Reforço da desigualdade no acesso à saúde

O relatório revela uma nova desigualdade alarmante que se re- forçou com a pandemia: a desigualdade no acesso à saúde. Os indicadores mostram que "os agregados familiares com um nível de vida mais baixo, têm uma maior probabilidade de hospitalizações ligadas ao covid-19 e que os beneficiários do rendimento mínimo social têm mais probabilidade de infeção e de ser hospitalizados", escreve-se na nota divulgada pelo Statec.

Os custos da habitação continuam a ser a principal dor de cabeça. Cerca de 78% das famílias que residem no Luxemburgo consideram que a carga financeira do alojamento "é preocupante e a busca de habitação acessível desesperante."

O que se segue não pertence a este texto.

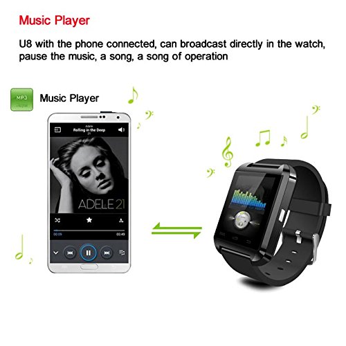 - Feature : Bluetooth Version V3.0 Operating Range 10 meters with Microphone / Digital Feature: LED display Case Shape: Rectangle / Place and answer calls directly from you wrist watch. With built-in speaker and microphone for hands-free chatting. Sync smart phone contact list to the wrist watch, makes it easier to place a call / Text message sync, caller ID display, LED time display, alarm clock / ANDROSET For iPhone Samsung HTC Nokia Blackberry Sony SmartPhones-compatible with all Bluetooth enabled smartphones, tablets and PCs, such as iPhone 4, 4S, 5, 5S, Sumsung S3, S4, Note 2, Note 3, Note 4

Cresce o desemprego de longa duração

Segundo o estudo, "o mercado de emprego resistiu bem à crise sanitária". Mas os verdadeiros efeitos da pandemia ainda não podem ser contabilizados por causa do "recurso massivo ao desemprego parcial". Preocupante é a subida de 36% da taxa de desempregados de longa duração, nos últimos dois anos. As mulheres e as pessoas com escolaridade elevada, surpreendentemente surgem nestes indicadores como as novas vítima do desemprego.

O pior pode estar ainda para vir?

Os resultados deste vasto inquérito às condições sociais da população mostram que "para já não são visíveis consequências desastrosas no rendimento das famílias". Mas o pior pode ainda estar para vir. Porque "também nas crises anteriores o aumento das desigualdades foi visível nos períodos da retoma depois da crise e não durante a crise". Por isso as verdadeira "consequências desta crise sanitária nos diferentes grupos da população são ainda incertas".